## Work instruction
Return the data below unchanged, without images.

## Dataset excerpt
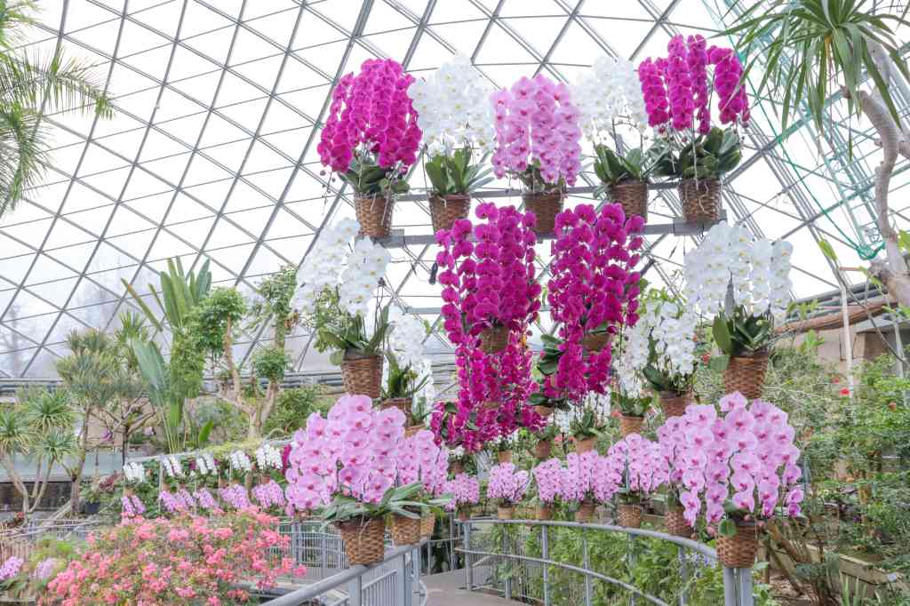 フラワードームには色とりどりのランが咲き誇り、華やかな香りと雰囲気を楽しめる。大人気スポットのコチョウランのトンネルやドレスも登場。オープニングにはランが当たるスペシャル抽選会などイベントも開催予定。
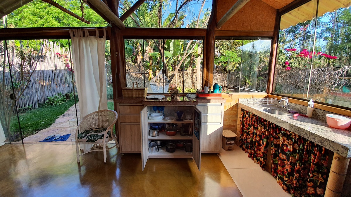 Գեղեցիկ տուն, որը հարուստ է դրախտի ամեն մի մանրուքով ։ Գտնվում է ճանապարհի վրա Alto Paraíso դեպի São Jorge - ժամը 12 - ին, դուք պետք է քշել մոտ 6 կմ կեղտը ճանապարհի! Շրջապատված մեր հմայիչ cerrado - ով ՝ այս տունն ունի առանձնաբաժին և ննջասենյակ ՝ սոցիալական լոգասենյակով: Լրիվ խոհանոց, բուխարի, լողավազան, մանղալ, դրսի ճաշասենյակ, փայտյա պիցցայի վառարան, ՍՊԱ ջակուզիով և գոլորշու սենյակ... Դժվար է դուրս գալ այստեղից ՝ ինչ - որ ջրվեժ գնալու համար: Օ ՜, մենք ունենք նաև կովեր և ձիեր դիտարկման համար:
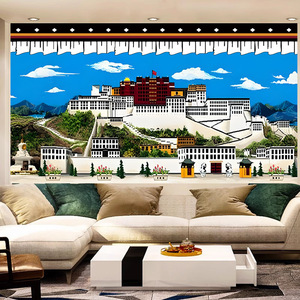 チベットのチベット式民族風の生放送の背景の布のブダラ宮のタペストリーの唐カードの壁の布の聖山の背景の布
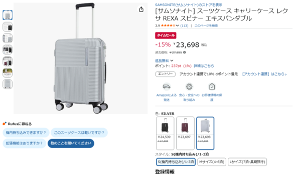 世界的な人気を誇るサムソナイトのスーツケースが過去価格27,885円から15%オフの23,698円で、Amazonタイムセールに登場!

## Completed task
 フラワードームには色とりどりのランが咲き誇り、華やかな香りと雰囲気を楽しめる。大人気スポットのコチョウランのトンネルやドレスも登場。オープニングにはランが当たるスペシャル抽選会などイベントも開催予定。
 Գեղեցիկ տուն, որը հարուստ է դրախտի ամեն մի մանրուքով ։ Գտնվում է ճանապարհի վրա Alto Paraíso դեպի São Jorge - ժամը 12 - ին, դուք պետք է քշել մոտ 6 կմ կեղտը ճանապարհի! Շրջապատված մեր հմայիչ cerrado - ով ՝ այս տունն ունի առանձնաբաժին և ննջասենյակ ՝ սոցիալական լոգասենյակով: Լրիվ խոհանոց, բուխարի, լողավազան, մանղալ, դրսի ճաշասենյակ, փայտյա պիցցայի վառարան, ՍՊԱ ջակուզիով և գոլորշու սենյակ... Դժվար է դուրս գալ այստեղից ՝ ինչ - որ ջրվեժ գնալու համար: Օ ՜, մենք ունենք նաև կովեր և ձիեր դիտարկման համար:
 チベットのチベット式民族風の生放送の背景の布のブダラ宮のタペストリーの唐カードの壁の布の聖山の背景の布
 世界的な人気を誇るサムソナイトのスーツケースが過去価格27,885円から15%オフの23,698円で、Amazonタイムセールに登場!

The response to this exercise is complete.